Ralph Ward, a well-known board of directors and corporate governance expert and publisher of boardroominsider.com, agreed that Hayne’s appointment “seems a bit of a cynical move.”
“In the long term it’s kind of dubious governance,” he said. “It’s just a dishonest approach to boardroom diversity.” The diversity resolution noted that the company’s primary competitors—The Gap, Nordstrom and Abercrombie & Fitch—“have at least one woman and/or racially diverse member on their board of directors” and that more than 80 percent of companies in the Russell 1000 Index have at least one woman on their boards, as do 90 percent of companies in the S&P 500 Index and 95 percent in the S&P 100 Index. “A growing body of academic research shows that there is a significant positive relationship between firm value and the percentage of women and minorities on boards,” the resolution added.
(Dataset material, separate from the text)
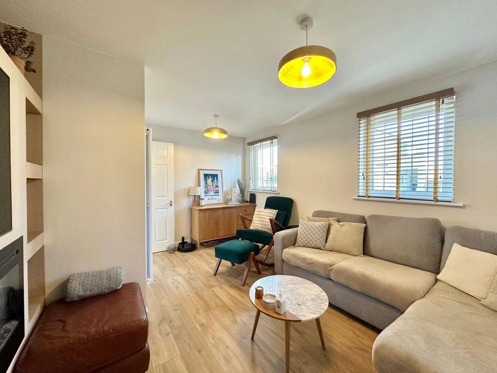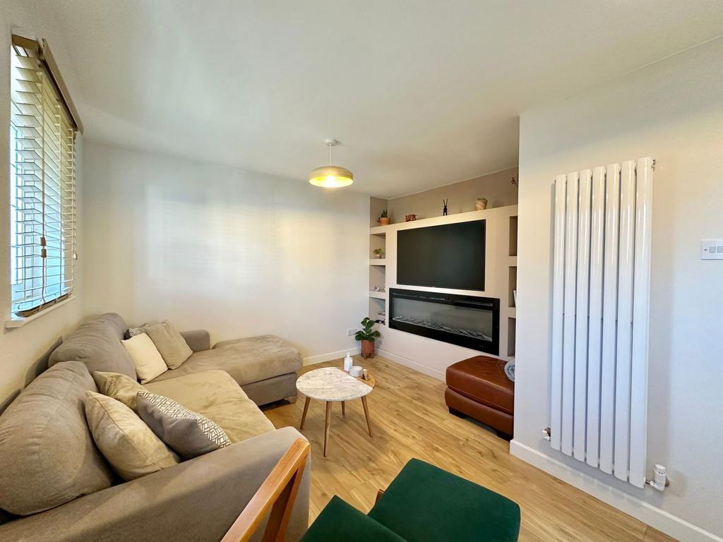 Pendant light points, UPVC double glazed windows to front aspect, vertical radiator with thermostat control, recess with built-in media unit with space for TV and storage shelving to side, inset electric fire.

Resolution backers said two studies by New York-based Catalyst, a nonprofit that promotes opportunities for women in business, found that when it comes to return on sales and return on invested capital, companies with more female board directors significantly outperformed those with fewer.
“Certainly in today’s very complex environment, you absolutely need boards that are responsive to global forces and that will impact the company’s path toward long-term shareholder value,” Hopgood said.
Yet, a lack of board diversity doesn’t seem to have hurt Urban Outfitters’ share value: During the past 12 months its shares rose 49 percent, and its latest quarterly report showed record sales and a 39 percent earnings jump.
Ward said it’s “arguable” whether board diversity translates into company profits. “Some research can seem convincing, but the research tends to be comparable to, say, an association of barbers proving why frequent haircuts are good for you. You have to wonder what the agenda is.”
Firms may not actively try to keep women and minorities off their boards, Ward explained, but instead “simply suffer from inertia.”
“The board is, by nature, a small group, where there tends to be a lot of self-selection and self-reproduction. If you have a board vacancy, whoever will be picked more likely than not looks like the other people in the boardroom.”
Dana Wilkie is an online editor/manager for SHRM.